**Information:**

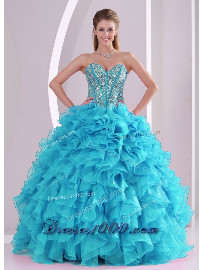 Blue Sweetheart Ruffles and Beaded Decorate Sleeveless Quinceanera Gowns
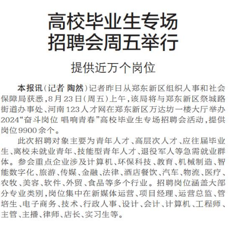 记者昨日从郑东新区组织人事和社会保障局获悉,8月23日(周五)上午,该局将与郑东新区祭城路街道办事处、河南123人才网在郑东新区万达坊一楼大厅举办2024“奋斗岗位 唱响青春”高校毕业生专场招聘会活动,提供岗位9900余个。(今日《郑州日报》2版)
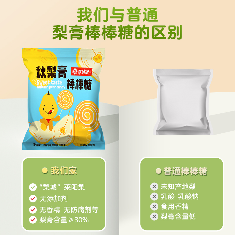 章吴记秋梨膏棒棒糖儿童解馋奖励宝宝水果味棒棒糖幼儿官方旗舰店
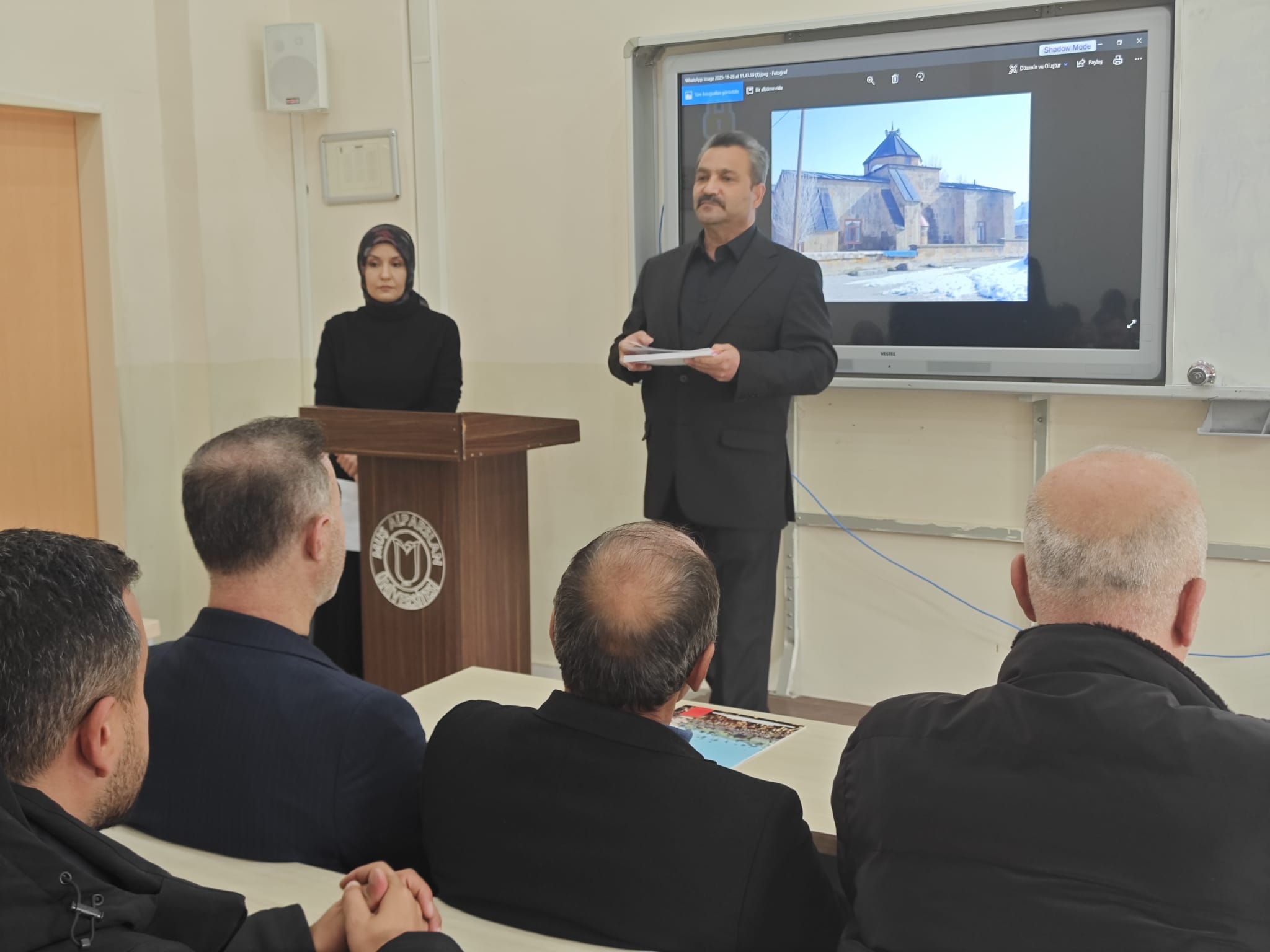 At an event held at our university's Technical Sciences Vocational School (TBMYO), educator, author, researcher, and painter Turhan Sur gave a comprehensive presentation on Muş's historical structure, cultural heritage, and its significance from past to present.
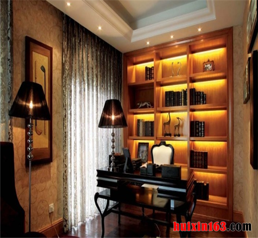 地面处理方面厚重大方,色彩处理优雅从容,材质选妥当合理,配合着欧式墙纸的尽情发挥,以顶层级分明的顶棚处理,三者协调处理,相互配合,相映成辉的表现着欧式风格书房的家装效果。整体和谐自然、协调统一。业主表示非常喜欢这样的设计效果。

**Task goal:**
In the answer, the entries should be restated verbatim, with all pictures omitted.

**Exercise response:**
 Blue Sweetheart Ruffles and Beaded Decorate Sleeveless Quinceanera Gowns
 记者昨日从郑东新区组织人事和社会保障局获悉,8月23日(周五)上午,该局将与郑东新区祭城路街道办事处、河南123人才网在郑东新区万达坊一楼大厅举办2024“奋斗岗位 唱响青春”高校毕业生专场招聘会活动,提供岗位9900余个。(今日《郑州日报》2版)
 章吴记秋梨膏棒棒糖儿童解馋奖励宝宝水果味棒棒糖幼儿官方旗舰店
 At an event held at our university's Technical Sciences Vocational School (TBMYO), educator, author, researcher, and painter Turhan Sur gave a comprehensive presentation on Muş's historical structure, cultural heritage, and its significance from past to present.
 地面处理方面厚重大方,色彩处理优雅从容,材质选妥当合理,配合着欧式墙纸的尽情发挥,以顶层级分明的顶棚处理,三者协调处理,相互配合,相映成辉的表现着欧式风格书房的家装效果。整体和谐自然、协调统一。业主表示非常喜欢这样的设计效果。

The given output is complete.